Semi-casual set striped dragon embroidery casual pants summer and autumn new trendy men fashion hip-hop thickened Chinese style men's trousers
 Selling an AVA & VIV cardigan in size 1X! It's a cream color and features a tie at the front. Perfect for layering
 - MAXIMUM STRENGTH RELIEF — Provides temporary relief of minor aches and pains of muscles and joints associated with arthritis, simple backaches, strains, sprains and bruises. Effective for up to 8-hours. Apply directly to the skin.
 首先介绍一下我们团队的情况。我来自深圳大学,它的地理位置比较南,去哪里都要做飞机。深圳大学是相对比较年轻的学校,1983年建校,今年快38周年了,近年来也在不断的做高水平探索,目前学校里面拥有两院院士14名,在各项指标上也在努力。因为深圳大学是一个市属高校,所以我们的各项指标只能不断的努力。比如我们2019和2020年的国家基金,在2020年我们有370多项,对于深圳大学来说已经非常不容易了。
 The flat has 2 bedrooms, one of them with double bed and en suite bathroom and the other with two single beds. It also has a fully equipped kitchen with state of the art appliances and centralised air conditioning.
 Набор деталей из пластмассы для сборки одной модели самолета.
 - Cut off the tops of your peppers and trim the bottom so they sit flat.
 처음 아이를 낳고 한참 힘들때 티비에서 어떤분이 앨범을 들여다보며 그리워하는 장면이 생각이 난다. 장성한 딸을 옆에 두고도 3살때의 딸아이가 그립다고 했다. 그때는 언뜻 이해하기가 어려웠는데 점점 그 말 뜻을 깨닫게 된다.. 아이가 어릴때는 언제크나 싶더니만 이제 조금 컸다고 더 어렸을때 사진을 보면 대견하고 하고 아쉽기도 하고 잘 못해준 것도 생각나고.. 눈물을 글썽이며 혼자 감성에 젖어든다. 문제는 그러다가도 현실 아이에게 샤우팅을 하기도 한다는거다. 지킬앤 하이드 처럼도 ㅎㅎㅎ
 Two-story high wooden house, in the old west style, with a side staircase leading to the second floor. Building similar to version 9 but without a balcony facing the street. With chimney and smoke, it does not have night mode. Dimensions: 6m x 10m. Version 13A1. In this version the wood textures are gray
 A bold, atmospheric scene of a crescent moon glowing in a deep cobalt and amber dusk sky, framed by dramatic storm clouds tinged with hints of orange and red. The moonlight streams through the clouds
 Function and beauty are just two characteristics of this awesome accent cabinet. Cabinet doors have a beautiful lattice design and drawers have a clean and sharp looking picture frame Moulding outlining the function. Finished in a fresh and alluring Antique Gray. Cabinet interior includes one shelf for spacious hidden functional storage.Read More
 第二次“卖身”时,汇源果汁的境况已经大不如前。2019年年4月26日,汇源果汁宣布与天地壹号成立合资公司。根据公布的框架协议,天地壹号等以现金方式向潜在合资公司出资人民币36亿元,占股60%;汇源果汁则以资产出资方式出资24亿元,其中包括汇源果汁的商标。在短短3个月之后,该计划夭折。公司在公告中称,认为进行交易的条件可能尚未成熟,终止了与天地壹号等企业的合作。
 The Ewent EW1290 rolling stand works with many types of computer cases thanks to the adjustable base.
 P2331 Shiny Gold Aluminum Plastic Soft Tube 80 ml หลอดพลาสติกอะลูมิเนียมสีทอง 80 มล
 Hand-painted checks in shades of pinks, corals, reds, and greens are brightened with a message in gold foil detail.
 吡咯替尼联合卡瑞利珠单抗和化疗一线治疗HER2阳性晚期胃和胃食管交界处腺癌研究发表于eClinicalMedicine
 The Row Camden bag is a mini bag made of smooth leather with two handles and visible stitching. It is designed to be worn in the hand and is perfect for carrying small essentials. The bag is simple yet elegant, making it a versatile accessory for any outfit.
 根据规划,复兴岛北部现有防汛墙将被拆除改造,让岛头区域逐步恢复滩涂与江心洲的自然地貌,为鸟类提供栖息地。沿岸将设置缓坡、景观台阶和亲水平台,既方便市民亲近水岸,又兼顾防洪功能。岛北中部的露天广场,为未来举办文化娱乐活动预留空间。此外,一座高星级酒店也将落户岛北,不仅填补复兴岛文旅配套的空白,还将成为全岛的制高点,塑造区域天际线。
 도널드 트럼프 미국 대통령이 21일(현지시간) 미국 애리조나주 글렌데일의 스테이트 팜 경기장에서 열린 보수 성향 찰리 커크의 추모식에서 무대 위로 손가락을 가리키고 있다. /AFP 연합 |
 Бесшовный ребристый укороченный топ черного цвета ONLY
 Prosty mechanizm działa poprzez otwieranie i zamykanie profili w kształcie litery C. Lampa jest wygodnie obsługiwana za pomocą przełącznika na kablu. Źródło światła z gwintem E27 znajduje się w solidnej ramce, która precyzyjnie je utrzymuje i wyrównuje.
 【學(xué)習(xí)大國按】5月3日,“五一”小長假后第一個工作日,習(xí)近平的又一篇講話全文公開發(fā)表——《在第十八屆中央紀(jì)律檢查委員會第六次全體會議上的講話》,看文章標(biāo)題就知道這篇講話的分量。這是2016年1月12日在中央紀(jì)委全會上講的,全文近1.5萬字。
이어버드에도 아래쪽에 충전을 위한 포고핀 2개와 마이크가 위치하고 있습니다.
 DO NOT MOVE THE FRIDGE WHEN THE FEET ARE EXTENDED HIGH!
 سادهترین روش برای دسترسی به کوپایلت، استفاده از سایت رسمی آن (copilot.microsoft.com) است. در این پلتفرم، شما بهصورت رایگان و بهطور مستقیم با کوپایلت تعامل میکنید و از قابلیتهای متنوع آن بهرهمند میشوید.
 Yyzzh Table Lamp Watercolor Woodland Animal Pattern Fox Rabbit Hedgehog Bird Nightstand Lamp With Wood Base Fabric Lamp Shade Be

____________

(To do):
Restate the listing exactly, starting at its first line and ending at the line where "A bold, atmospheric" occurs; include both and no other lines.

(Answer box):
Semi-casual set striped dragon embroidery casual pants summer and autumn new trendy men fashion hip-hop thickened Chinese style men's trousers
 Selling an AVA & VIV cardigan in size 1X! It's a cream color and features a tie at the front. Perfect for layering
 - MAXIMUM STRENGTH RELIEF — Provides temporary relief of minor aches and pains of muscles and joints associated with arthritis, simple backaches, strains, sprains and bruises. Effective for up to 8-hours. Apply directly to the skin.
 首先介绍一下我们团队的情况。我来自深圳大学,它的地理位置比较南,去哪里都要做飞机。深圳大学是相对比较年轻的学校,1983年建校,今年快38周年了,近年来也在不断的做高水平探索,目前学校里面拥有两院院士14名,在各项指标上也在努力。因为深圳大学是一个市属高校,所以我们的各项指标只能不断的努力。比如我们2019和2020年的国家基金,在2020年我们有370多项,对于深圳大学来说已经非常不容易了。
 The flat has 2 bedrooms, one of them with double bed and en suite bathroom and the other with two single beds. It also has a fully equipped kitchen with state of the art appliances and centralised air conditioning.
 Набор деталей из пластмассы для сборки одной модели самолета.
 - Cut off the tops of your peppers and trim the bottom so they sit flat.
 처음 아이를 낳고 한참 힘들때 티비에서 어떤분이 앨범을 들여다보며 그리워하는 장면이 생각이 난다. 장성한 딸을 옆에 두고도 3살때의 딸아이가 그립다고 했다. 그때는 언뜻 이해하기가 어려웠는데 점점 그 말 뜻을 깨닫게 된다.. 아이가 어릴때는 언제크나 싶더니만 이제 조금 컸다고 더 어렸을때 사진을 보면 대견하고 하고 아쉽기도 하고 잘 못해준 것도 생각나고.. 눈물을 글썽이며 혼자 감성에 젖어든다. 문제는 그러다가도 현실 아이에게 샤우팅을 하기도 한다는거다. 지킬앤 하이드 처럼도 ㅎㅎㅎ
 Two-story high wooden house, in the old west style, with a side staircase leading to the second floor. Building similar to version 9 but without a balcony facing the street. With chimney and smoke, it does not have night mode. Dimensions: 6m x 10m. Version 13A1. In this version the wood textures are gray
 A bold, atmospheric scene of a crescent moon glowing in a deep cobalt and amber dusk sky, framed by dramatic storm clouds tinged with hints of orange and red. The moonlight streams through the clouds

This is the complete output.